### Goal of the exercise:
Retype the listing exactly, minus its pictures.

### Source material:
——————————

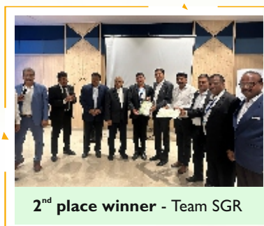
2 nd place winner - Team SGR
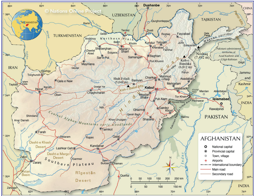
Figure 1. Map of Afghanistan
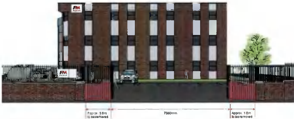
Fig 1.2. – Proposed Entrance with Highlighted Zones of Demolition
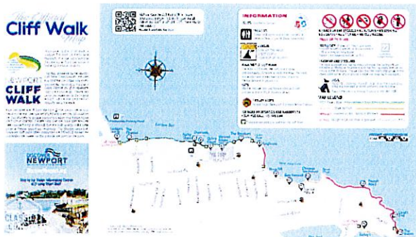
Figure 12: Cliff Walk Map - front panel

——————————

### Task response:
2 nd place winner - Team SGR
Figure 1. Map of Afghanistan
Fig 1.2. – Proposed Entrance with Highlighted Zones of Demolition
Figure 12: Cliff Walk Map - front panel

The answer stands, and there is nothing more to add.